2) Muts phenotype (KM71 strain): Although the AOX2 gene is present in this group, the AOX1 gene has been eliminated. Due to the deletion of AOX1, these stains cannot be used quickly by methanol. Since these strains use methanol slowly, more complex proteins will have time to acquire their correct conformation before being secreted into the medium (Wollborn et al., 2022).
3) Mut-phenotype (MC100-3 and MC101-1 strains): In this group, both AOX1 and AOX2 promoters have been deleted, so these strains cannot use methanol and are practically unable to grow in an environment containing methanol. The main carbon sources utilized by these strains are glycerol, sorbitol, or mannitol (Singh & Narang, 2020).


The advantages of using P. pastoris
Several reasons exist for using this yeast as an expression system (illustrated in Figure 1 and explained here). 


1) Ease of working: There is no need to have complex culture media or special nutrients for P. pastoris yeast propagation. This yeast can be grown easily using a culture medium containing yeast extract, peptone and dextrose (Kuruti et al., 2020).
2) High cell density: Fermentation is an essential process for recombinant protein production, and its efficiency is highly dependent on cell density. P. pastoris can reach a high cell density in an optimized culture medium and produce more recombinant antigens than other expression systems (Zhang et al., 2020).
3) Eukaryotic expression system: Compared to prokaryotic systems, P. pastoris is a eukaryotic organism that can produce mammalian and avian proteins more similar to their original form (Kuruti et al., 2020).
4) Genomic integration of the desired gene: The desired gene can be integrated into several locations of the yeast chromosome.
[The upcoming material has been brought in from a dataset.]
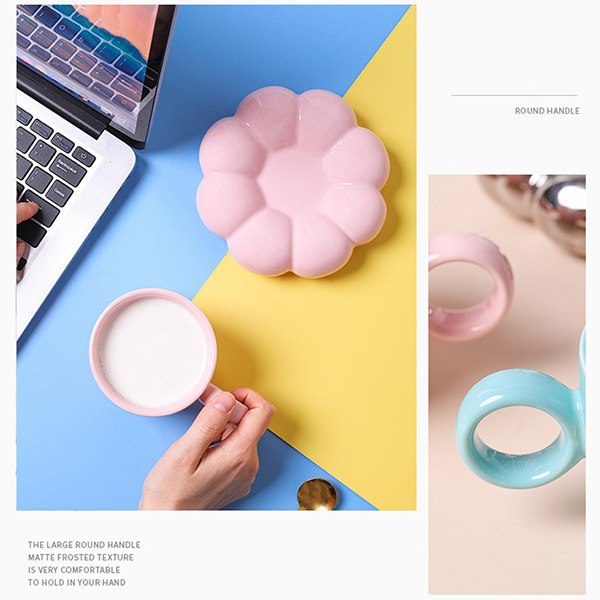 The plates are made from high-quality porcelain, with a smooth and shiny glaze that is both beautiful and easy to clean. The cups are designed to fit perfectly on the plates, ensuring stability and ease of use. The handles of the cups are also crafted with the utmost care, providing a comfortable and secure grip.

This characteristic plays an important role in the stability of the gene and increased production of the influenza protein (Wu et al., 2023).
5) High efficiency in recombinant protein production: One of the reasons for the tendency towards this yeast is its high expression level. The recombinant protein produced by this yeast can include more than 80% of the total proteins in the culture medium (Li et al., 2007). The AOX1 promoter, one of the most potent eukaryotic promoters, has been used to produce a variety of recombinant proteins, with documented yields of up to 20–30 g/L (Tanaka et al., 2012).
6) Post-translational modifications: One of the most important processes in protein synthesis, performed after transcription and translation, is glycosylation. The role of glycosylation in protein folding, protein structural stability, specific signal transmission, and secretion processes has been proven. In comparing P. pastoris and S. cerevisiae, it should be stated that the oligosaccharide chains that are attached to proteins and make glycoproteins are more reliable in Pichia (Li et al., 2007). One of the advantages of using P. pastoris yeast is the lack of mannosyltransferase. This enzyme causes the production of α-1, 3-mannosyl bonds, which is seen in S. cerevisiae. These connections differ from those in the mammalian system and may be recognized and rejected by the human immune system. On the other hand, P. pastoris yeast is a better option than S. cerevisiae for producing a recombinant protein because it has a higher capacity for producing heavy proteins and secretes fewer unwanted internal proteins into the extracellular environment (Tanaka et al., 2012).
7) Probiotic properties: Several investigations have been accomplished regarding this yeast’s probiotic features. It was demonstrated that the X-33 strain can survive in food at an appropriate concentration for at least two months. Salmonella spp., Clostridium spp. and E. coli are among the most important bacterial pathogens in the poultry industry that cause significant economic losses (Seyedtaghiya et al., 2021; Daneshmand et al., 2022; Peighambari et al., 2023). P. pastoris can be a probiotic and antibiotic alternative to prevent and control these pathogens. This yeast administration prevented Salmonella typhimurium’s growth in the culture medium and decreased bacterial colonization in the BALB/c mice intestine (Franca et al., 2015). The mice had a higher survival rate in the challenge test with the acute strain of S. typhimurium (50% to 80%) than the control group (20% to 50%). In another study, Gaboardi et al. (2019) found that the administration of P. pastoris X-33 strain in the quail’s diet could increase egg weight, adjust the immune system, and increase the level of antibodies against infectious bronchitis virus (IBV), Newcastle disease (ND) and infectious bursal disease (IBD), compared to the control group. Transgenic or wild-type P. pastoris strains can be used as probiotics in chickens as antibiotic alternatives to control necrotic enteritis (SGil de Los Santos et al., 2018; Kulkarni et al., 2022).
8) Natural adjuvant activity: It has been demonstrated that the yeast cell wall components have inherent adjuvant properties (Franca et al., 2015). In other words, yeast-based vaccines do not need adjuvants like aluminum to stimulate the immune system (Stubbs et al., 2001). Therefore, when administered, expressed recombinant proteins and yeast cell wall components will be more immunogenic (Wasilenko et al., 2010; Asghari Baghkheirati et al., 2023).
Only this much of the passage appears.